The current study adds evidence to previous EWAS that reported significant hypomethylation of AHRR and CYP1B1 in buccal and airway epithelium of smokers. We could show increased expression of CYP1B1 and CYP1B1-AS in the masticatory mucosa of smokers as compared to never smokers and validated upregulation of these genes by cigarette smoke in vivo and in vitro. We conclude that hypomethylation of AHRR and CYP1B1 is an important regulatory mechanism of xenobiotic metabolism of the masticatory mucosa in response to tobacco smoke exposure.

Methods

Study sample

A total of 39 healthy smokers and never smokers, i.e. free of systemic disease, and all of European descent, were enrolled in this study, which was conducted in accordance with the principles of Good Clinical Practice and approved by the Independent Ethics Committee of each participating University Hospital. Written informed consent was obtained from all subjects according to the Declaration of Helsinki.
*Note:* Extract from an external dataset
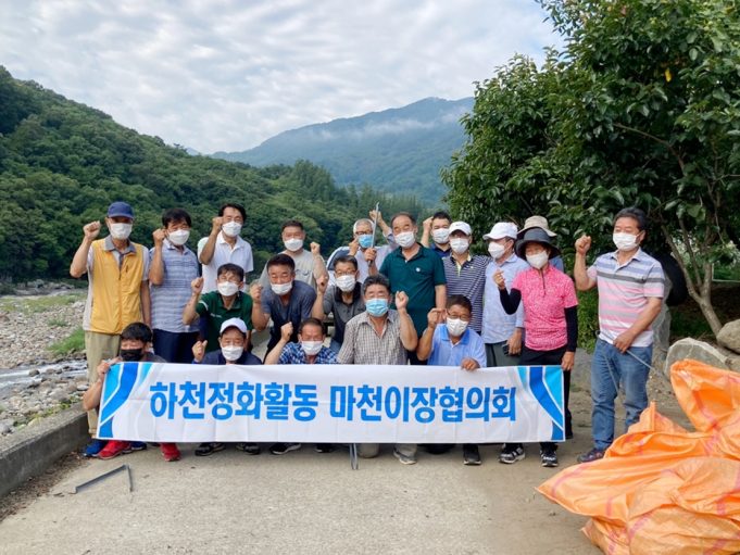 함양군 마천면이장협의회(회장 박윤섭) 이장 20여명은 휴가철을 맞은 8월 11일 지역 내 하천정화 봉사활동을 펼쳤다.

All study participants completed a detailed questionnaire to provide general personal information (e.g. sex, age, geographical and family descent), information on the general and oral health and smoking habits (current, former, never smoker and amount of smoking in cigarette packs per day and duration of smoking in years). We calculated smoking pack year (SPY) values by multiplying the number of smoked cigarette packs per day by the number of years smoked. Fifty percent of the smokers had > 10 SPY, and 50% had between two and ten SPY. The mean age in smokers was 38 years and 35 years in never smokers. All individuals underwent periodontal examination prior to tissue extraction to exclude the presence of PD. Only individuals with a periodontal screening index (PSI) < 2 were included, indicating the absence of severe oral inflammation.

Collection of ex-vivo tissue samples from the masticatory oral mucosa

Solid tissue samples from the oral masticatory mucosa were collected at a defined site from the hard palate adjacent to the 4th and 5th tooth by the use of a tissue puncher with 3 mm diameter and a depth of approximately 1 mm (for an illustration of the area of tissue sampling, see Additional file 7: Figure S1). We consider this site also representative for the gingival mucosa (i.e. often inflamed in periodontitis) because the gingival masticatory mucosa and the masticatory mucosa of the hard palate share the same histological cellular structures (Stratum basale, Str. spinosum, Str. granulosum, Str. corneum) and therefore the same cell types (Additional file 7: Figure S2). Likewise, indicating similar states of cellular differentiation, tissue collection at the specified sampling area is a common approach during periodontal surgery when free gingival grafts are excised and transplanted to other mucosal areas in the oral cavity. To stabilise DNA and RNA, the biopsies were stored in the AllProtect reagent (Qiagen, Hilden, Germany) immediately after punching, stored at 4 °C for 24 h, and subsequently transferred to − 20 °C.

DNA and RNA extraction

The conserved tissue samples were manually broken up into small pieces with a scalpel and subsequently homogenised using the automated mixer mill MM 400 (Retsch, Haan, Germany) using frozen beads (3 mm, Retsch) for 90 s at 30 Hz. Subsequently, DNA and RNA was extracted simultaneously using the AllPrep DNA/RNA/miRNA Universal Kit (Qiagen, Hilden, Germany), ensuring the same cellular background of DNA and RNA for subsequent comparison of DNA-methylation and RNA-expression. Integrity of DNA and RNA was subsequently verified with a 2% agarose gel electrophoresis. Concentrations were measured using the Multiskan GO Microplate Spectrophotometer (Fisher Scientific, Hampton, USA). DNA and RNA samples were stored at − 80 °C.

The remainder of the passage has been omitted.